Running parallel jobs

Modify the pi-mpi-run script that you used above to use all 128 cores on one node. Check the output to confirm that it used the correct number of cores in parallel for the calculation.

Here is a modified script

BASH

#!/bin/bash

#SBATCH --partition=standard
#SBATCH --qos=short
#SBATCH --reservation=
#SBATCH --time=00:00:30

#SBATCH --nodes=1
#SBATCH --ntasks-per-node=128

module load cray-python
srun python pi-mpi.py 10000000

Configuring parallel jobs

You will see in the job output that information is displayed about where each MPI process is running, in particular which node it is on.

Modify the pi-mpi-run script that you run a total of 2 nodes and 16 processes; but to use only 8 tasks on each of two nodes.
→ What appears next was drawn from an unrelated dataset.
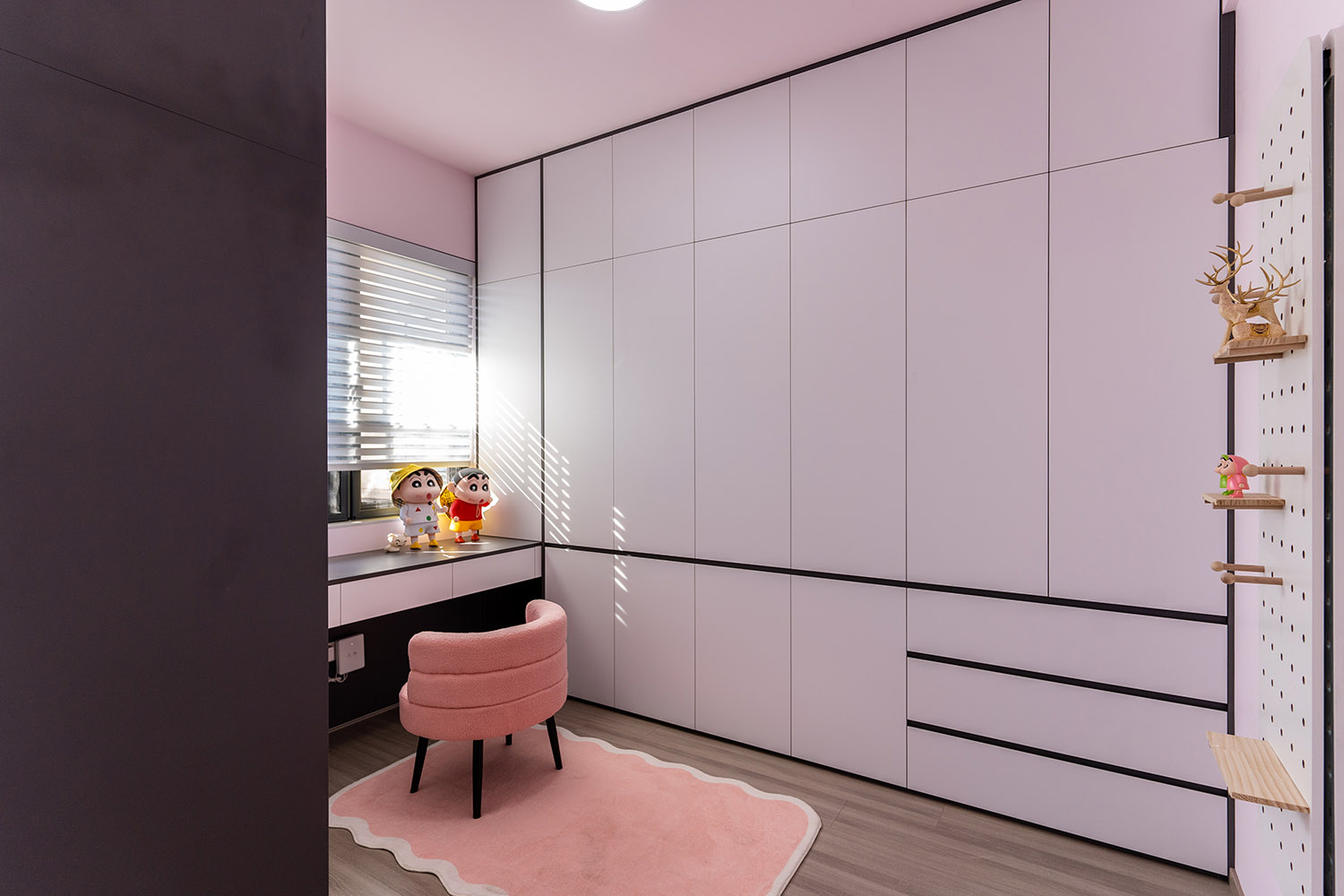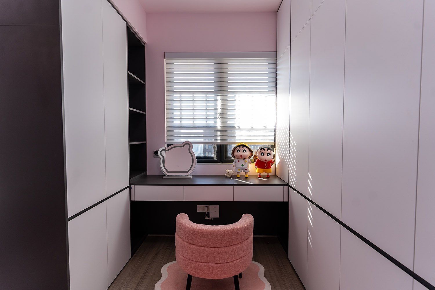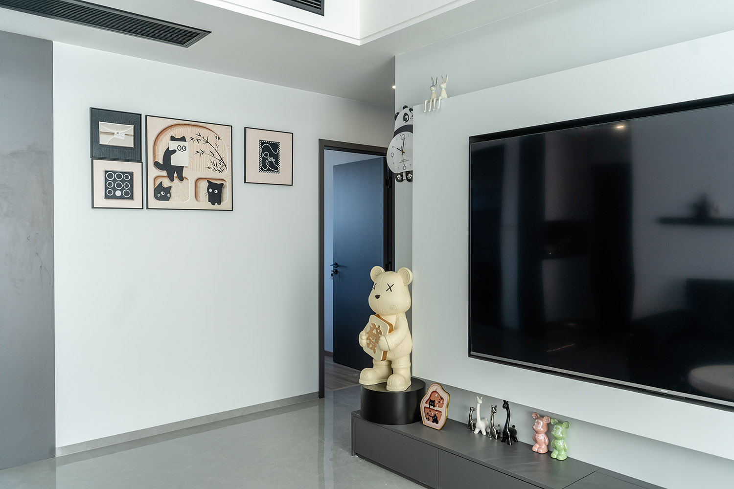 本案以“像素重組” 為核心理念,將136㎡的空間視作一個(gè)可以拆解與重構(gòu)的光影實(shí)驗(yàn)室。設(shè)計(jì)放棄所有裝飾性色彩,通過(guò)黑、白、灰三種基色的極致比例控制、不同材質(zhì)在單一色系下的質(zhì)感博弈以及精密計(jì)算的光影路徑,構(gòu)筑一個(gè)理性冷靜又充滿(mǎn)感知張力的未來(lái)居所。這里不是色彩的缺失,而是將色彩解構(gòu)為更本質(zhì)的光、影與肌理,讓居住回歸材料與空間的本質(zhì)對(duì)話(huà)。 通過(guò)極致的黑白灰控制與材料實(shí)驗(yàn),探索了現(xiàn)代居住的一種可能性:當(dāng)色彩被剝離,空間的形式、光影與質(zhì)感便被無(wú)限放大,人對(duì)空間的感知也因此變得更為敏銳和直接。它并非一個(gè)“冷淡”的空間,而是一個(gè)高度凝練、充滿(mǎn)理性之美并能包容居住者所有情緒與生活的“寧?kù)o背景板”。在這里,一幅畫(huà)、一株綠植、一本書(shū),乃至居住者本身,都將成為空間中最生動(dòng)、最富色彩的焦點(diǎn)。

Check the output file to ensure that you understand the job distribution.

BASH

#!/bin/bash

#SBATCH --partition=standard
#SBATCH --qos=short
#SBATCH --time=00:00:30

#SBATCH --nodes=2
#SBATCH --ntasks-per-node=8

module load cray-python
srun python pi-mpi.py 10000000

Key Points

  • “The scheduler handles how compute resources are shared between users.”
  • “Everything you do should be run through the scheduler.”
  • “A job is just a shell script.”
  • “If in doubt, request more resources than you will need.”